Banggar DPRD Bantul Bahas Hasil Evaluasi Gubernur terhadap Raperda APBD 2026

BANTUL – Badan Anggaran (Banggar) DPRD Kabupaten Bantul menggelar rapat bersama Tim Anggaran Pemerintah Daerah (TAPD) Kabupaten Bantul dengan agenda pembahasan Hasil Evaluasi Gubernur Daerah Istimewa Yogyakarta terhadap Rancangan Peraturan Daerah (Raperda) tentang Anggaran Pendapatan dan Belanja Daerah (APBD) Tahun Anggaran 2026. Rapat berlangsung di Ruang Rapat Komisi C DPRD Bantul pada Rabu (24/12/2025).

 

Rapat dipimpin oleh Ketua DPRD Kabupaten Bantul, Hanung Raharjo, S.T., serta didampingi Wakil Ketua DPRD Kabupaten Bantul, Titis Ajeng Ganis Mareti, S.T., dan Agung Laksmono, S.Si., M.Sc., M.Ling dan diikuti oleh anggota Banggar DPRD Bantul serta TAPD Kabupaten Bantul.
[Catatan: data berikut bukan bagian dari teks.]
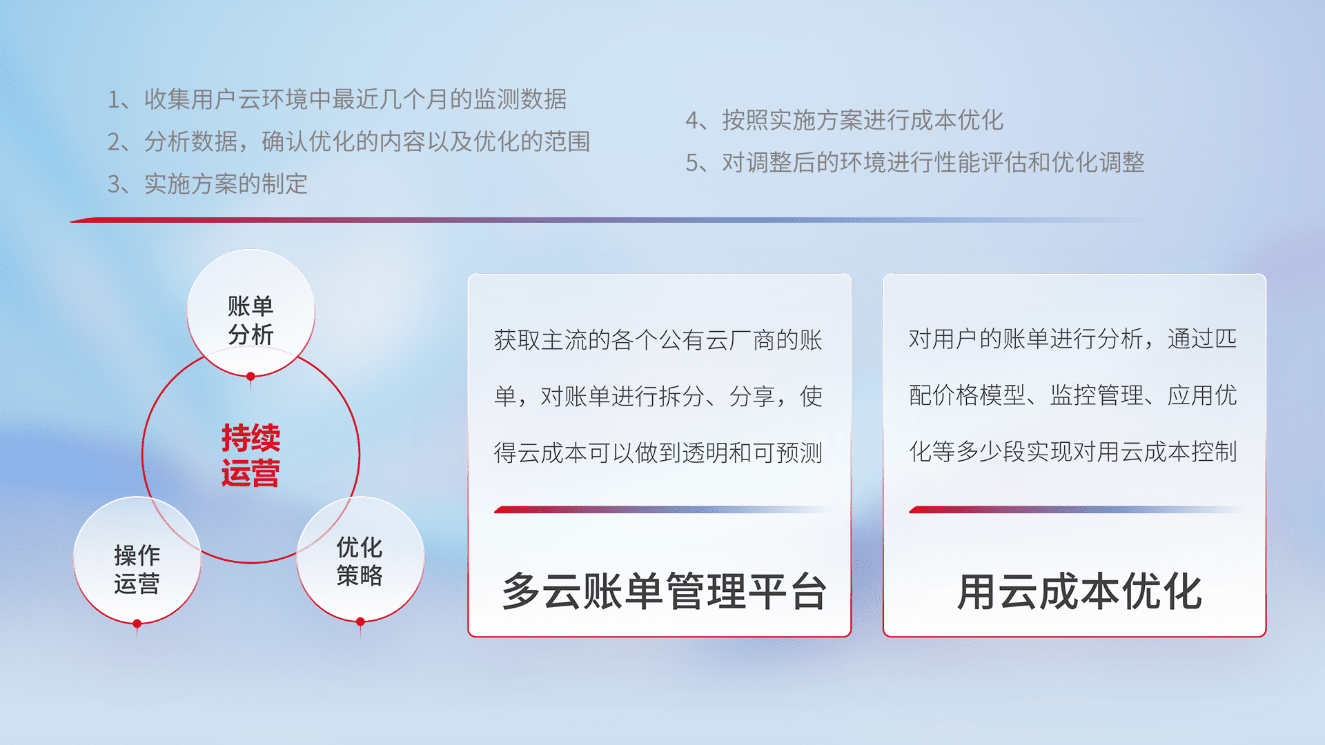 通过多云纳管,,,,以统一的资源数据模型把客户的云资源进行抽象和封装,,,,进而实现对多云资源的统一操作,,保障云资源管理的可靠性、、、稳定性与可用性。。量身定制化运维内容,,配置、、开发运维、、、、补丁管理、、、备份、、、监控、、认证和访问管理、、、审计和日常巡检等,,,,保障在用云过程中的可靠度,,,稳定度以及高可用率。。。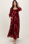Burgundy Wrap Front Empire Waist Maxi Dress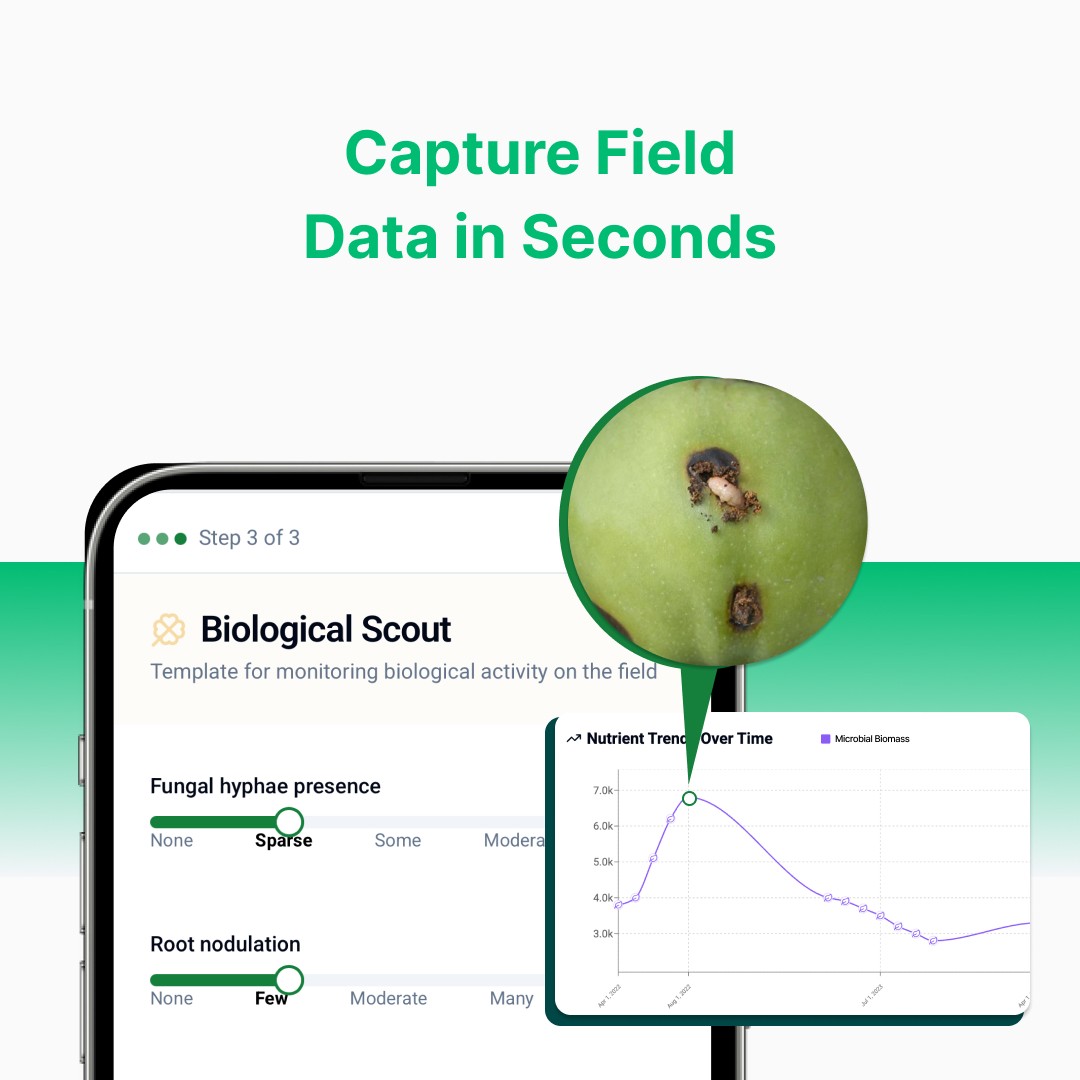 Data in agriculture is often scattered across files, notebooks, and spreadsheets. SoilBeat brings it all together—soil, sap, tissue, biology, silage, water tests, scouting notes, prescriptions, and field activities—assigning every data point to the right farm and management zone.

Pembahasan difokuskan pada hasil evaluasi Gubernur DIY yang merupakan bagian dari mekanisme pengawasan terhadap perencanaan dan pengelolaan keuangan daerah, agar APBD yang disusun sesuai dengan ketentuan peraturan perundang-undangan dan arah kebijakan pembangunan.

 

Dalam rapat tersebut, TAPD memaparkan sejumlah catatan dan rekomendasi hasil evaluasi Gubernur, baik yang bersifat administratif maupun substansial. Evaluasi tersebut meliputi penyesuaian struktur anggaran, konsistensi antara perencanaan dan penganggaran, serta penguatan program prioritas daerah yang berdampak langsung pada pelayanan publik.

 

 

Ketua DPRD Kabupaten Bantul, Hanung Raharjo, S.T., menyampaikan harapannya agar APBD Tahun Anggaran 2026 benar-benar memberi manfaat bagi masyarakat.

 

“Harapan kita, semoga anggaran APBD Tahun 2026 nantinya bisa bermanfaat bagi seluruh masyarakat,” ujarnya.

 

Lebih lanjut, ia menegaskan bahwa DPRD Bantul berkomitmen untuk mengawal proses penyempurnaan APBD secara cermat dan bertanggung jawab. Menurutnya, sinergi antara legislatif dan eksekutif sangat diperlukan agar setiap catatan evaluasi dapat ditindaklanjuti secara optimal tanpa mengganggu program prioritas yang telah direncanakan.

 

Melalui rapat ini, DPRD Bantul bersama TAPD sepakat untuk segera menyesuaikan Raperda APBD Tahun Anggaran 2026 sesuai hasil evaluasi Gubernur DIY. Diharapkan, APBD 2026 nantinya mampu menjadi instrumen kebijakan fiskal yang efektif dalam mendukung pembangunan daerah serta meningkatkan kesejahteraan masyarakat Kabupaten Bantul. (DF)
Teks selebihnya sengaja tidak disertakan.